# Jury awards $46M to man who lost leg in Nissan driver crash



## DriverX (Aug 5, 2015)

Nissan argued no negligence because driver was a Independent Contractor, apparently the jury called BS on that and awarded a bundle. THis IS a huge nail in the coffin for Uber. Precedence has been set.

It might not result in any change in how Uber is being allowed to operate in the short term, BUT the valuation of a company that is being allowed to skirt the law by using IC's to avoid responsibility should take a HUGE hit.

http://www.kolotv.com/content/news/...ost-leg-in-Nissan-driver-crash-389831742.html


----------



## Brooklyn (Jul 29, 2014)

How does this effect Uber?


----------



## Disgusted Driver (Jan 9, 2015)

There's no doubt that the IC dodge is BS but this award will never hold up. 46Mil is an over the top award. Many of these big awards get reduced on appeal, the newspapers neglect to report on that.


----------



## DriverX (Aug 5, 2015)

Disgusted Driver said:


> There's no doubt that the IC dodge is BS but this award will never hold up. 46Mil is an over the top award. Many of these big awards get reduced on appeal, the newspapers neglect to report on that.


It's not about the award amount, although the bigger the number the better, hte importance of the lawsuit is the precedence that is being set. All judicial decisions are based on precedence. This clearly holds the company that hired the contractor liable for that contractors actions just like they would be held liable if the driver was an employee. It could be the biggest hit to Uber and Lyft yet. As California goes the rest of the nation follows.


----------



## DriverX (Aug 5, 2015)

Brooklyn said:


> How does this effect Uber?


Uber uses Independent Contractors so they can avoid liability.

Tax liability
Damage/Injury liability

As a driver I could use this precedence as an argument for Uber being liable to repair my car if it is in an accident while on a trip, regardless of any insurance offered or not offered. So effectively you don't need collision insurance to demand repairs and Ubers deductible is a moot point.
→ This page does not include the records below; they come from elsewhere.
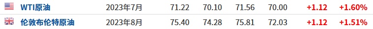 3.截至发稿,WTI原油涨1.60%,报71.22美元/桶。布伦特原油涨1.51%,报75.40美元/桶。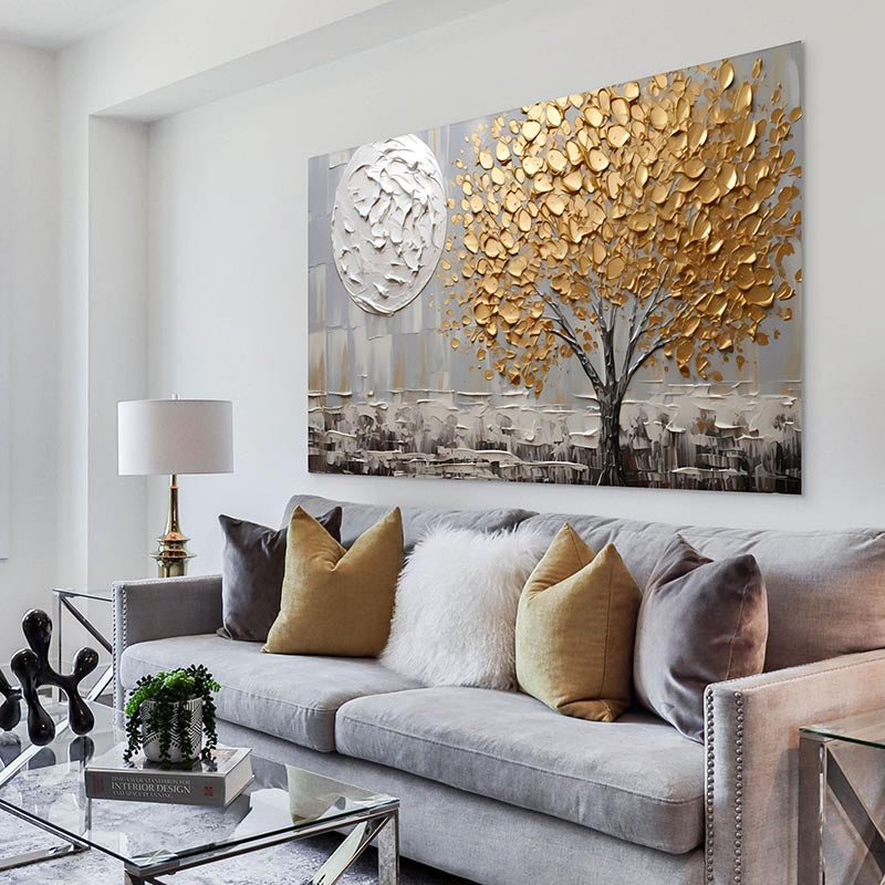 - Élégance et Simplicité : La combinaison de l'arbre doré et du fond lunaire crée une harmonie visuelle qui est à la fois simple et sophistiquée. C'est une œuvre qui attire le regard sans être trop imposante.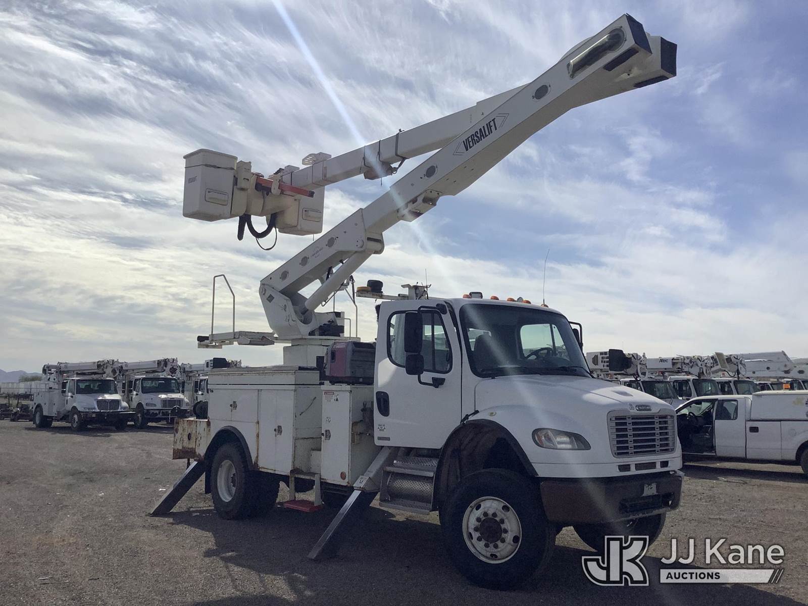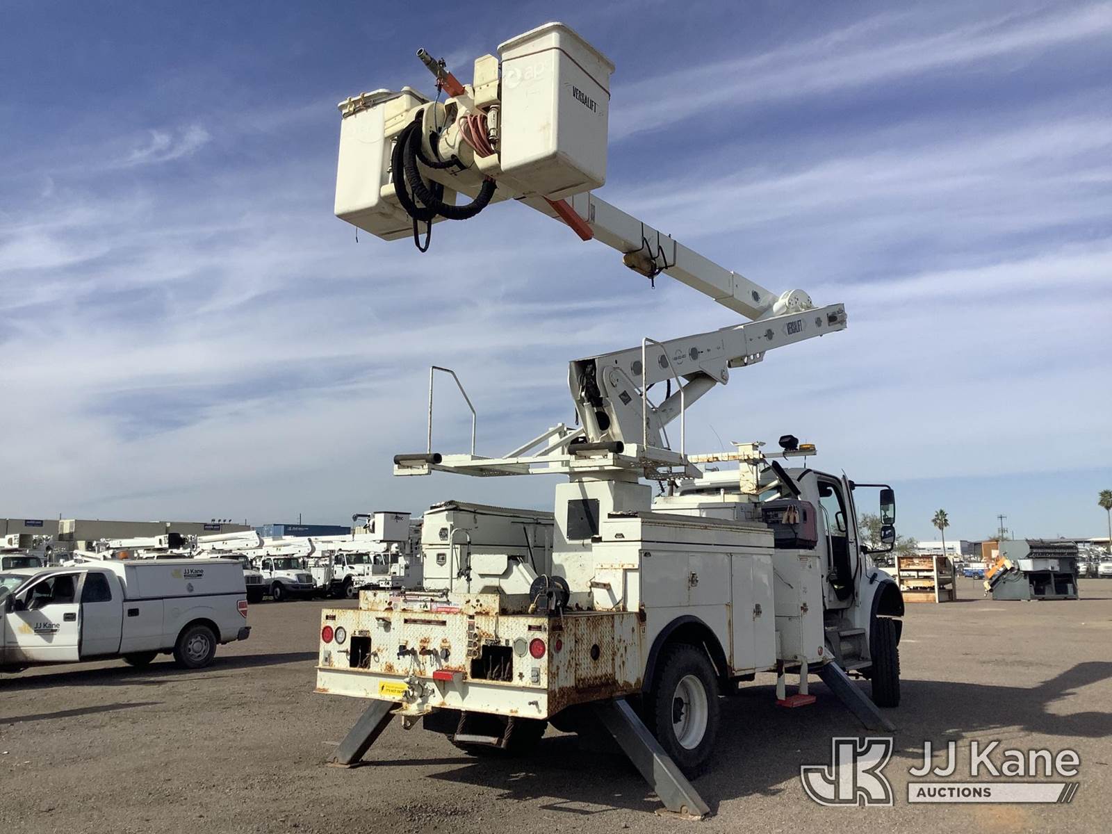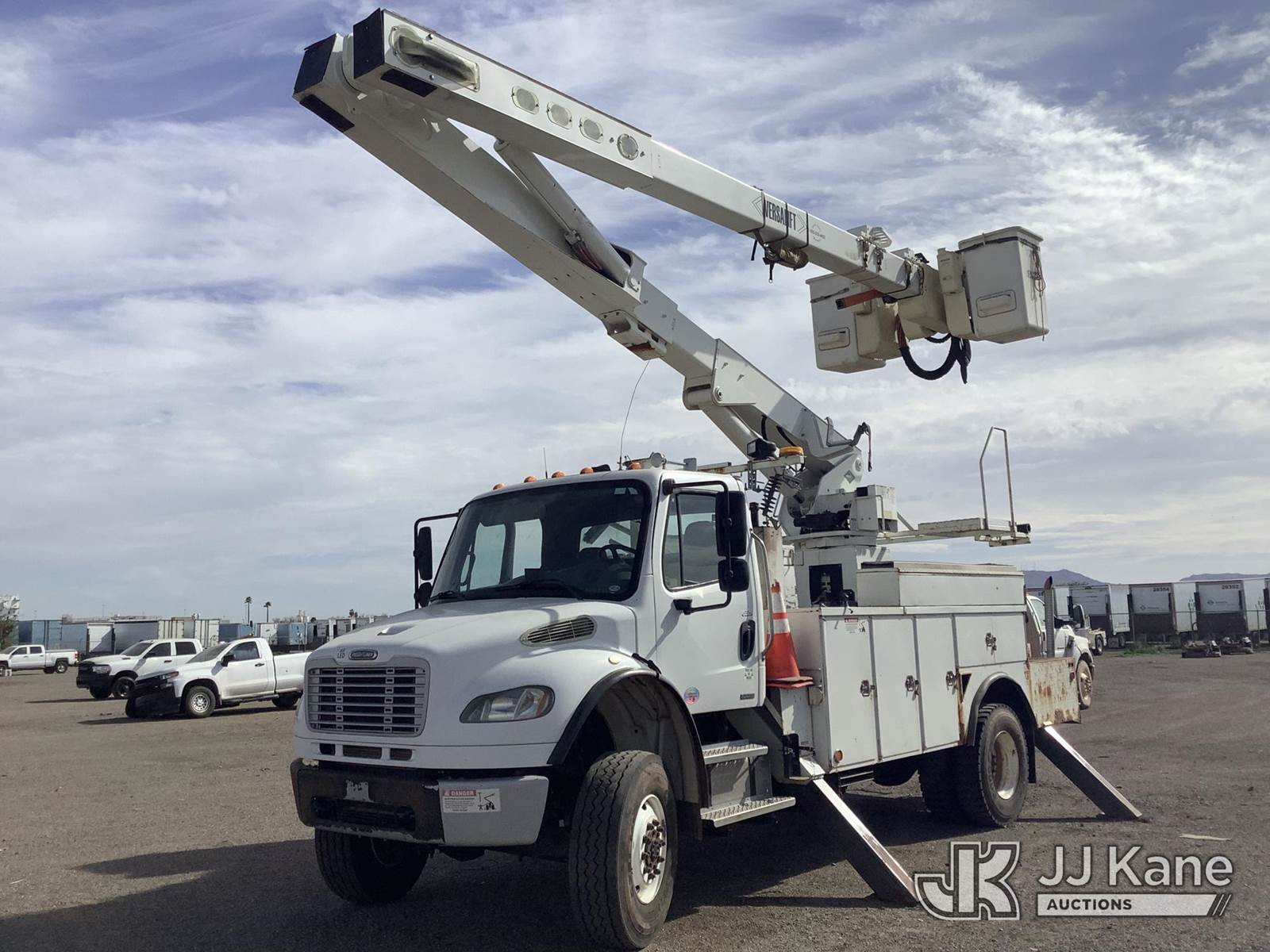 Versalift VO, Over-Center Material Handling Bucket with double single man buckets, rear mounted on 2010 Freightliner M2 106 Utility Truck, 8.3L diesel, 4X4, Auto, A/C, (145,548 miles) (Runs, Moves & Upper Operates) (Tractor ABS Light On, Upper Unit Serial Placard Torn & Stamp Could Not Be Found, Operator Manual in Cab) This is a Titled Item NOTE: This unit is being sold AS IS/WHERE IS via Timed Auction and is located in Phoenix, AZ. Inspection & preview days for this unit are the 2 business days prior to the first day of items closing for this auction, item is located at 2505 W Durango St Phoenix, AZ 85009 and hours of operations are 8a-4p. For pre-sale questions, please contact Andrew Espinoza @ (602) 393-8107. (Manuals provided in cab) (Buyer is responsible for removal. Assistance by consignor or JJ Kane Auctions is not assured.)

Just lawyer up and sue for property replacement costs, injuries sustained, loss of wages due to inability to work.

This is a gold mine for lawyers looking to sue Uber, and when a company has the kind of VC money Uber does, the lawyers are circling like vultures.


----------



## m1a1mg (Oct 22, 2015)

DriverX said:


> It's not about the award amount, although the bigger the number the better, hte importance of the lawsuit is the precedence that is being set. All judicial decisions are based on precedence. This clearly holds the company that hired the contractor liable for that contractors actions just like they would be held liable if the driver was an employee. It could be the biggest hit to Uber and Lyft yet. *As California goes the rest of the nation follows.*


That last line is truly hilarious. Cali legal action is the laugh track for the rest of the country.


----------



## DriverX (Aug 5, 2015)

m1a1mg said:


> That last line is truly hilarious. Cali legal action is the laugh track for the rest of the country.


Who banned smoking first?

https://en.wikipedia.org/wiki/List_of_smoking_bans_in_the_United_States

Practically every new fad or trending style comes from California. It's the worlds marketing department.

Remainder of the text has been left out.